The Effect of Laparoscopic Adjustable Gastric Bands on Esophageal Motility and the Gastroesophageal Junction: Analysis Using High-Resolution Video Manometry

  • Paul R. Burton
  • Wendy Brown
  • Cheryl Laurie
  • Melissa Richards
  • Sohail Afkari
  • Kenneth Yap
  • Anna Korin
  • Geoff Hebbard
  • Paul E. O’Brien
Clinical Research

Abstract

Background

Laparoscopic adjustable gastric bands (LAGB) are a safe and effective treatment for obesity. Conflicting data exist concerning their effect on the esophagus, gastroesophageal junction, and mechanism of action. These patients will increasingly require accurate assessment of their esophageal function.

Methods

Twenty LAGB patients underwent high-resolution video manometry with the LAGB empty, 20% under, 20% over, and at their optimal volume. Twenty obese controls were also studied. Effects on esophageal motility, the lower esophageal sphincter (LES), and the gastroesophageal junction were measured. Transit during liquid and semisolid swallows was assessed.

Results

The intraluminal pressure at the level of LAGB was a mean of 26.9 (19.8) mm Hg. This pressure varied depending on the volume within the LAGB and was separate to and distal to the lower esophageal sphincter LES. The LES was attenuated compared to controls (10 vs 18 mm Hg; p < 0.01) although relaxed normally.
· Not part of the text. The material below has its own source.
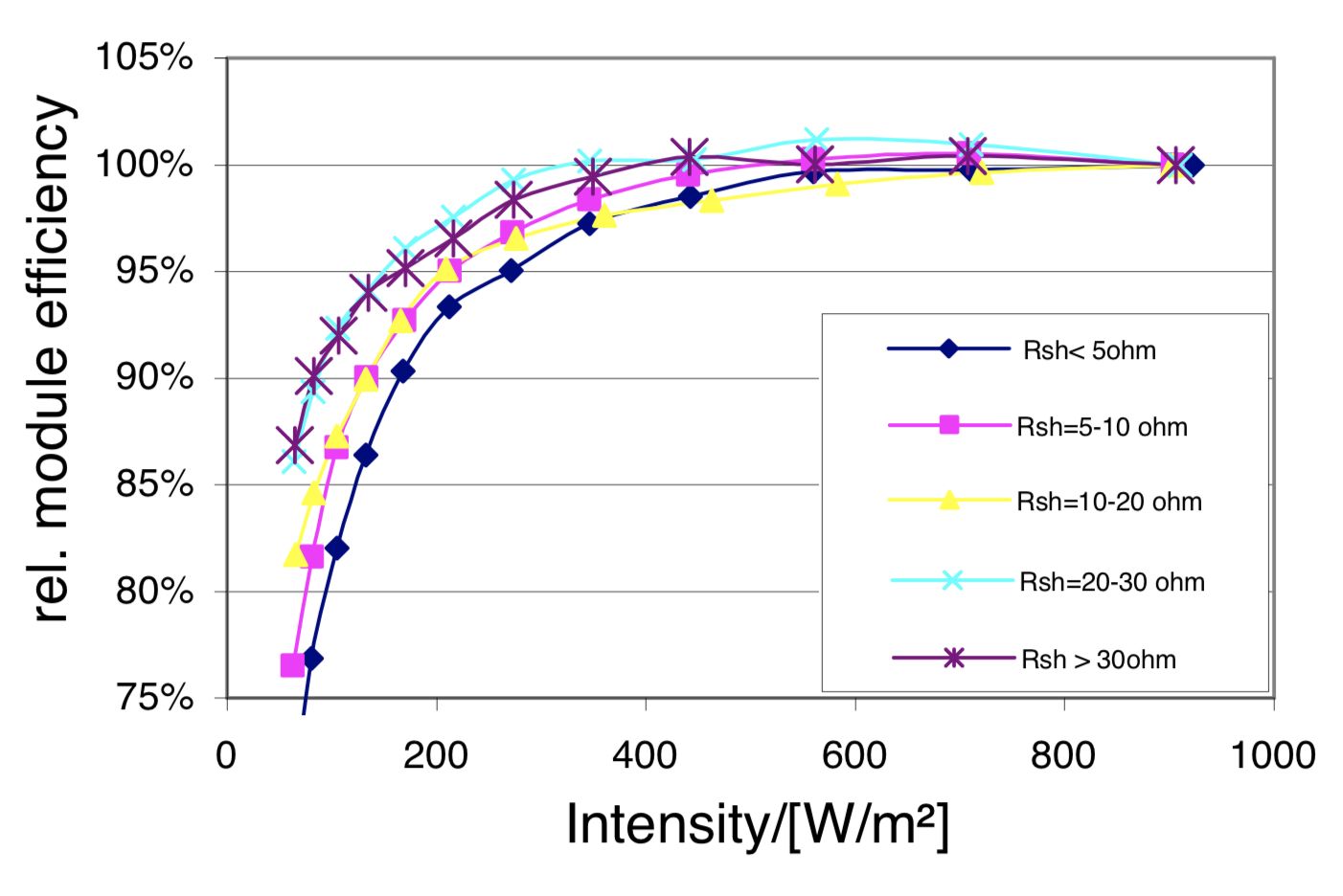 1.并聯(lián)電阻。弱光就是入射光強(qiáng)比較弱。雖然不影響短路電流,但是會影響開路電壓。理想情況下,開路電壓跟入射光強(qiáng)成一個(gè)對數(shù)關(guān)系。

Esophageal motility was well preserved at optimal volume compared to 20% overfilled, with 77% normal swallows vs 51%, p = 0.008. Repetitive esophageal contractions were observed in 40% of swallows at optimal volume compared to 16% in controls, p = 0.024. In comparison to controls, the transit of liquid, 21 vs 8 s (p < 0.001), and semisolids, 50 vs 16 s (p < 0.001), was delayed.

Conclusions

In LAGB patients, the LES is attenuated, although relaxes normally. Esophageal motility is preserved, although disrupted by overfilling the band. In the optimally adjusted LAGB, a delay in transit of liquids and semisolids through the esophagus and band is produced, along with an increase in repeated esophageal contractions.

Keywords

Laparoscopic adjustable gastric band High-resolution manometry Video manometry Esophageal motility Bariatric surgery 

Notes

Financial Disclosure

The Centre for Obesity Research and Education has received unrestricted research funding from Allergan, Inc., the manufacturer of the LAP-BAND. None of the authors have a conflict of interest to disclose.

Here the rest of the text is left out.